February 26, 2008

The End of the Database As We Know It?

Filed under: Software Blog — marcstober @ 10:44 pm

I found this paper interesting as it presents an academic view of something I’ve been noticing from a grassroots perspective: the database as we know it is losing relevance, and new technologies will emerge that will make business applications faster to run and faster to develop.

Because of the graduate program I attended, one of the few computer science topics I know a lot about is relational database management systems (RDBMS), which underly most business applications today. In every job I’ve had, I’ve used an RDBMS, usually Microsoft SQL Server. Most developers don’t know fundamental RDBMS concepts; for example that you can’t just delete the log file when you run out of disk space, or what ACID properties are. As the paper points out, RDBMS’s are based on relational algebra and algorithms for managing disk files that haven’t changed since the 1970’s. Their use case is really a systems analyst entering SQL queries at a command prompt, which no one does any more. The fact that so few SQL (say “see-quell,” no one I know says “RDBMS”) users know these things is evidence of their irrelevance. No one decides SQL is the best type of database management system for their application; they choose it because it’s standard, you can find people and tools to support it, and does the job well enough.
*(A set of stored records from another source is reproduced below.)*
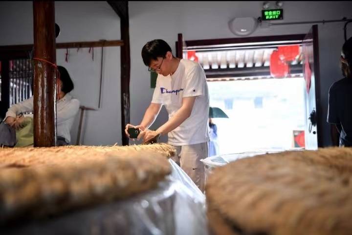 撒酒曲、翻米饭、装盒压实、发酵等待……在小镇沿河的民间酒坊内,采访团成员们切身感受甜酒酿的制作过程。一碗甜酒酿就是一场微生物之间碰撞的美味艺术,美食的诞生过程让媒体记者们惊叹不已。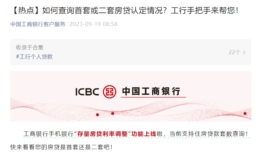 工商银行手机银行“存量房贷利率调整”查询功能上线: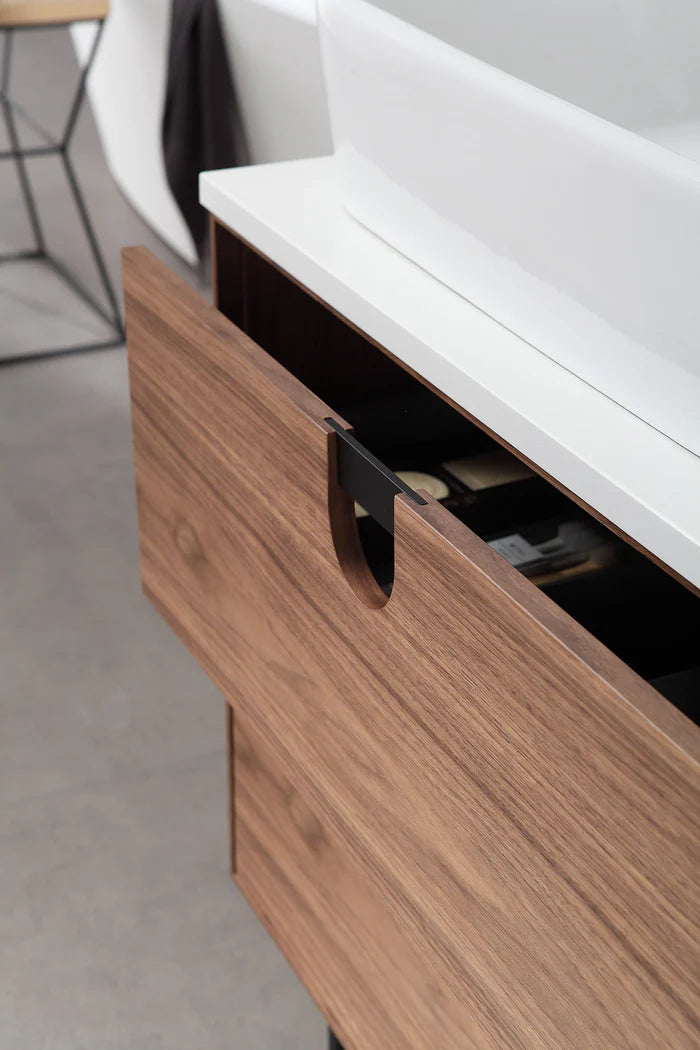 This small storage unit with solid oak wood fronts is ideal for adding a touch of natural chic to your bathroom. Equipped with two drawers and a white quartz countertop, this unit will provide you with a new designer storage space.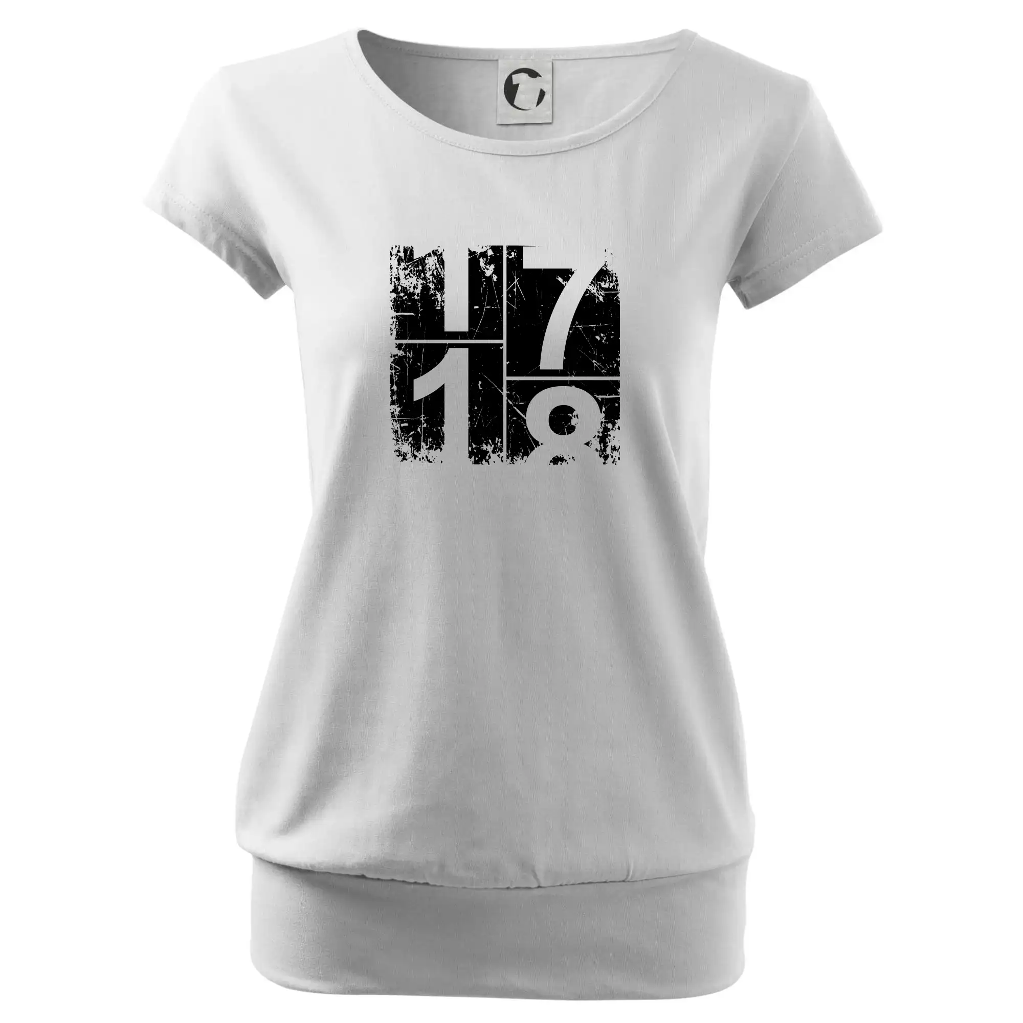 Trendové dámske tričko s veľmi krátkym rukávom, voľnejšieho strihu, v dolnom kraji všité do širokého lemu. Okrúhly priekrčník s úzkym lemom zo zhodného materiálu.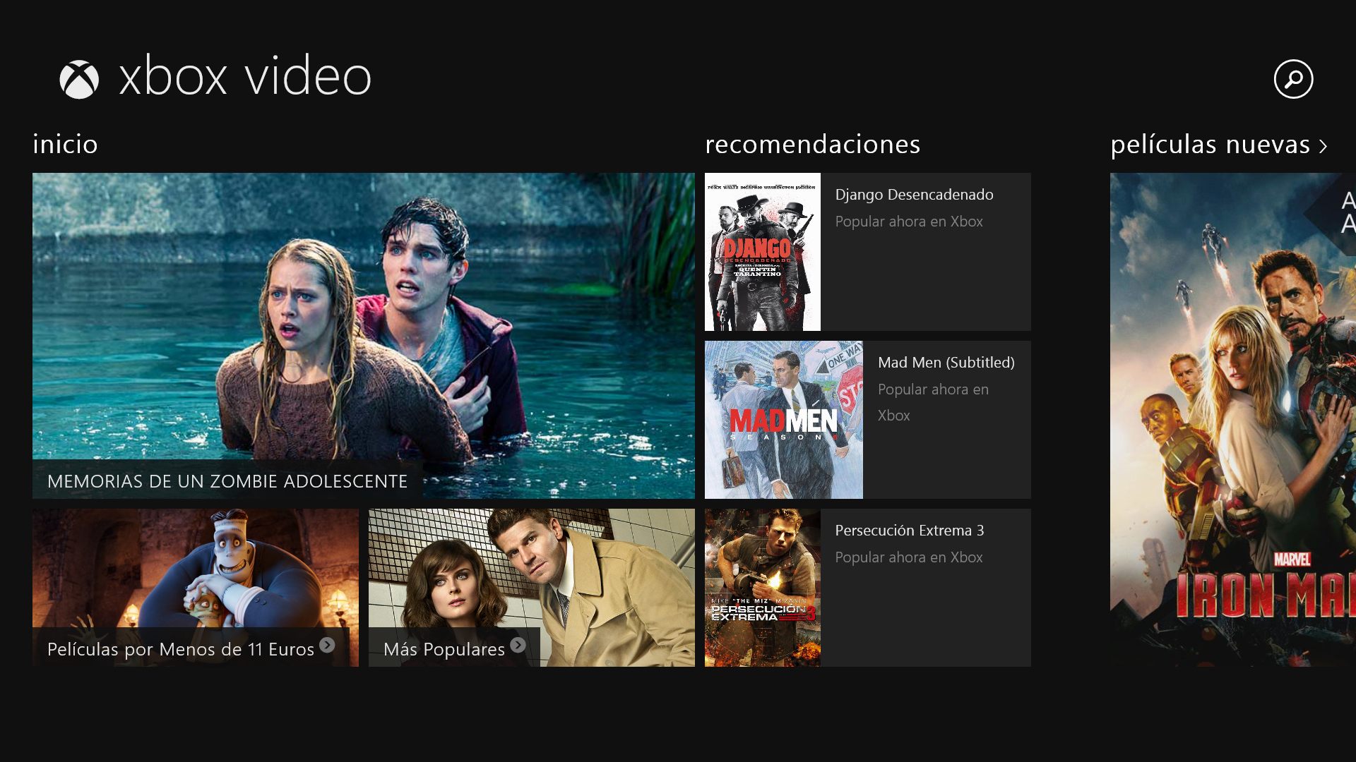 Además de reproducir ficheros locales Xbox Video ofrece, como comentábamos anteriormente, la reproducción de contenidos de vídeo a través de Internet. Un estreno como Iron Man 3 puede comprarse en HD por 18 € y en SD or 15 €, y alquilarse en HD por 5 € y en SD por 4 €. Una temporada completa de una serie como Modern Family cuesta 36 € en HD y 31 € en SD.

I like one example the paper gives for a way to improve databases, which is to support a “constrained tree application” (CTA): an application that operates on a chunk of records from various tables that all relate back to one record from one table. For example, a customer and his various orders, order items, invoices, contacts, locations, etc. Every database I’ve worked on for the past 10 years, and for that matter almost every database everywhere, follows this pattern, but the RDBMS doesn’t provide any good features to support this. I’ve seen developers try to optimize this through various implementations, and spend a lot of time debating the right way to do it. We shouldn’t have to reinvent the wheel; the platform should take care of it. (This would also help minimize the differences between multitenant and single-tenant architecture, but that’s another debate.) I could come up with dozens of patterns that every application needs to reinvent when they store their data in a SQL database.

Actually, the RDBMS doesn’t have to disappear to be irrelevant, it can just be used wrongly, and this has already happened. An RDBMS is supposed to have a schema designed according rigorous rules of normalization, including constraints on and between tables to maintain data integrity. If you don’t do this—relying instead on a layer of code outside the database to enforce business rules—you have a set of indexed, multi-user tables, not a true relational database. Since SQL can’t enforce every business requirement anyway, it may make sense to build applications this way, and not try for a normalized data
model at all (although, as a classically-trained SQL developer, I’m not convinced this is the solution).

Right now I’m doing a lot of work in Intersystems’ Caché. While they call it a “post-relational” database, it has a lot of warts since it’s based on an even older, pre-relational, hierarchical database system developed in the 1960’s (not that much older than the first RDBMS, though) that’s been extended and evolved. Still, other object-oriented databases have come and gone over the years (sometimes under the buzzword “persistence”), and Caché stands as proof that the RDBMS is not the only feasible choice for business applications. There are newer alternatives emerging, at least to solve specific problems; for example, Microsoft’s Linq, or Ruby on Rails, which I’m hearing about everywhere now. If these technologies can do a better job solving problems, it could be a big change, indeed.